◆ **Your goal**: Please copy exactly the line containing "陸上競技場 中央は芝生でサッカーも可" and every line after it, through the last line of the records below, leaving out all pictures.
•••••
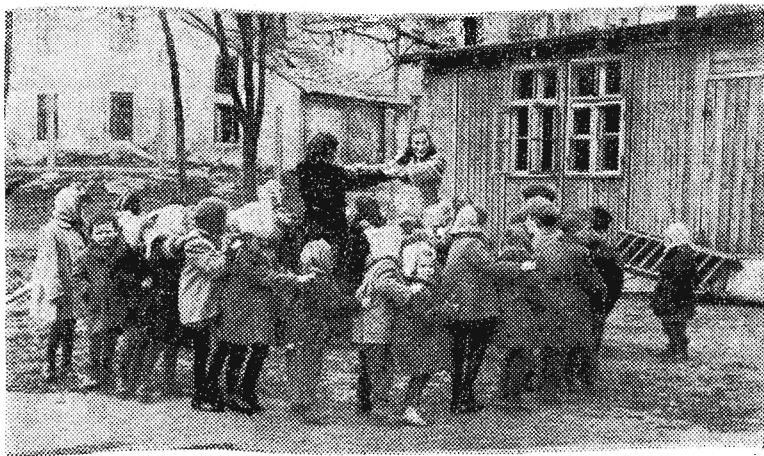
W Rzeszowie, oprócz przedszkola TPD, dzieci świata pracy korzystają również z ogródka jordanowskiego. W ciepły, wiosenny dzień zabawa na wolnym powietrzu, zorganizowana przez kwalifikowane wychowawczynie, należy do prawdziwych dziecięcych przyjemności.
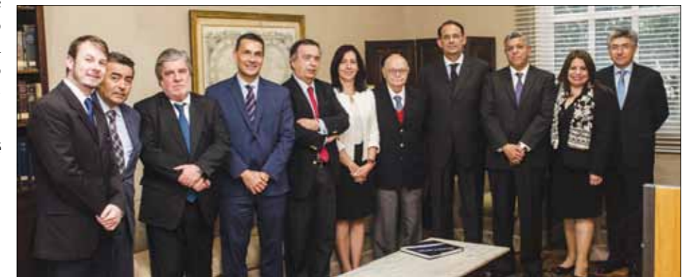
La reunión del Comité Jurídico Interamericano (CJI).

integral y autónoma, que es una herramienta fundamental para la protección de los derechos humanos de todas las personas, en especial de aquellas más vulnerables.
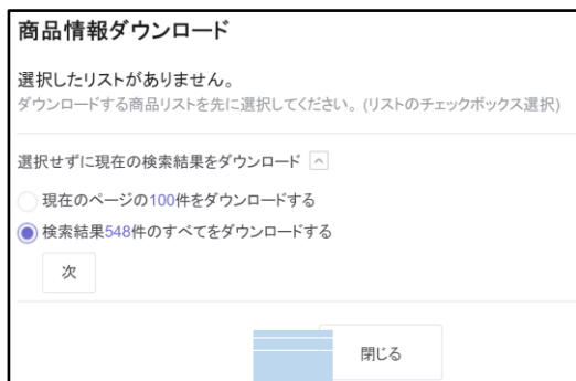
《商品情報ダウンロード》
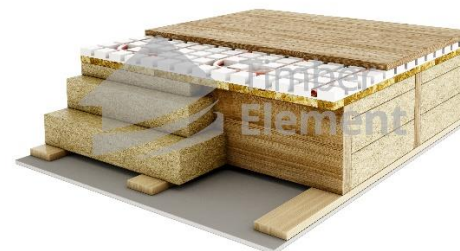
Vahelae kihid (2 ja enam korruselistel majadel)
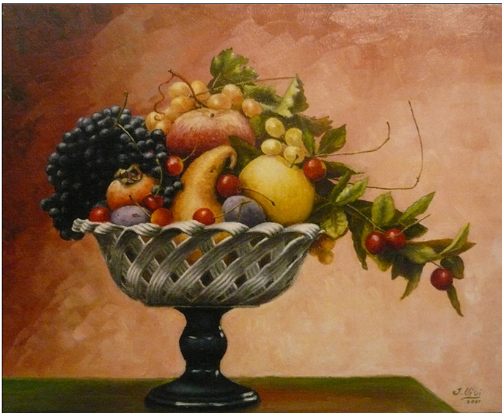
olio su tela - cm 50x40 - pezzo unico.
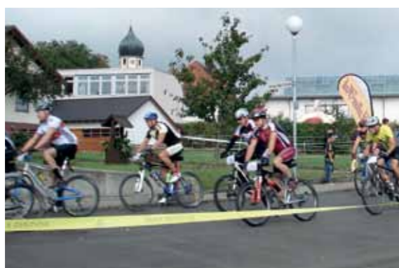
MTB-Event des Radfahrvereins „Wanderlust“
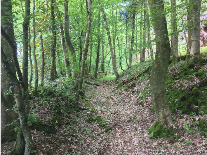
Hohlwegrelikte im Pfengstbachtal (2019)
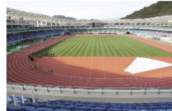
陸上競技場 中央は芝生でサッカーも可
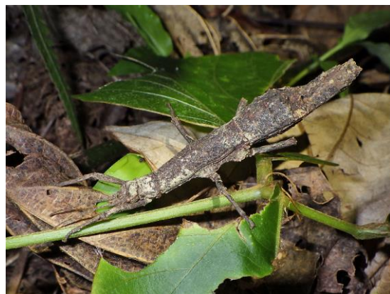
コブナナフシ 成虫(メス) ▲ 実物大

こんちゅう館では、コブナナフシの卵、幼虫、成虫を1つのケースに同居させ、展示個体の出し入れをせずに2年近く展示を維持しています。
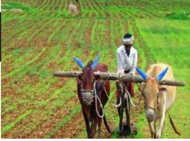
ચાર્ડમાં કપાસના ભાવ બે સમાહથી આંશિક ઘટાડાનું વલણ છે અને ગત ૨૨ જૂન સુધી પ્રતિ મણના રૂમ. ૨૫૦૦ને પાર રહેલા ભાવ કમશઃ ઘટીને આજે રૂમ. ૨૨૧૨ના ભાવે સોદા થયા હતા.

કેન્દ્રી સૌરાષ્ટ્રના ૧૧ જિલ્લાઓમાં વાવેતર થયું છે. એકમાત્ર કપાસનું વાવેતર ગત વર્ષના જેટલું થઈ રહ્યું છે જ્યારે મગફળી સહિત અન્ય તમામ પાકોનું વાવેતર ગત વર્ષ કરતા ઓછું છે. ગત વર્ષે ૪ જૂન સુધીમાં રાજ્યમાં કુલ ૪૦.૫૭ લાખ હે.માં વાવેતર થઈ ગયું હતું, વર્ષે તેની સામે ૩૦.૨૦ લાખ હેક્ટરમાં એટલે કે ૧૦.૨૩ લાખ હેક્ટરમાં વાવેતર ઓછું છે. આમ, મોટાભાગના ખેડૂતો
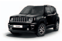
601 Czarny Solid (pastelowy)
•••••
◆ **Response**:
陸上競技場 中央は芝生でサッカーも可
コブナナフシ 成虫(メス) ▲ 実物大

こんちゅう館では、コブナナフシの卵、幼虫、成虫を1つのケースに同居させ、展示個体の出し入れをせずに2年近く展示を維持しています。
ચાર્ડમાં કપાસના ભાવ બે સમાહથી આંશિક ઘટાડાનું વલણ છે અને ગત ૨૨ જૂન સુધી પ્રતિ મણના રૂમ. ૨૫૦૦ને પાર રહેલા ભાવ કમશઃ ઘટીને આજે રૂમ. ૨૨૧૨ના ભાવે સોદા થયા હતા.

કેન્દ્રી સૌરાષ્ટ્રના ૧૧ જિલ્લાઓમાં વાવેતર થયું છે. એકમાત્ર કપાસનું વાવેતર ગત વર્ષના જેટલું થઈ રહ્યું છે જ્યારે મગફળી સહિત અન્ય તમામ પાકોનું વાવેતર ગત વર્ષ કરતા ઓછું છે. ગત વર્ષે ૪ જૂન સુધીમાં રાજ્યમાં કુલ ૪૦.૫૭ લાખ હે.માં વાવેતર થઈ ગયું હતું, વર્ષે તેની સામે ૩૦.૨૦ લાખ હેક્ટરમાં એટલે કે ૧૦.૨૩ લાખ હેક્ટરમાં વાવેતર ઓછું છે. આમ, મોટાભાગના ખેડૂતો
601 Czarny Solid (pastelowy)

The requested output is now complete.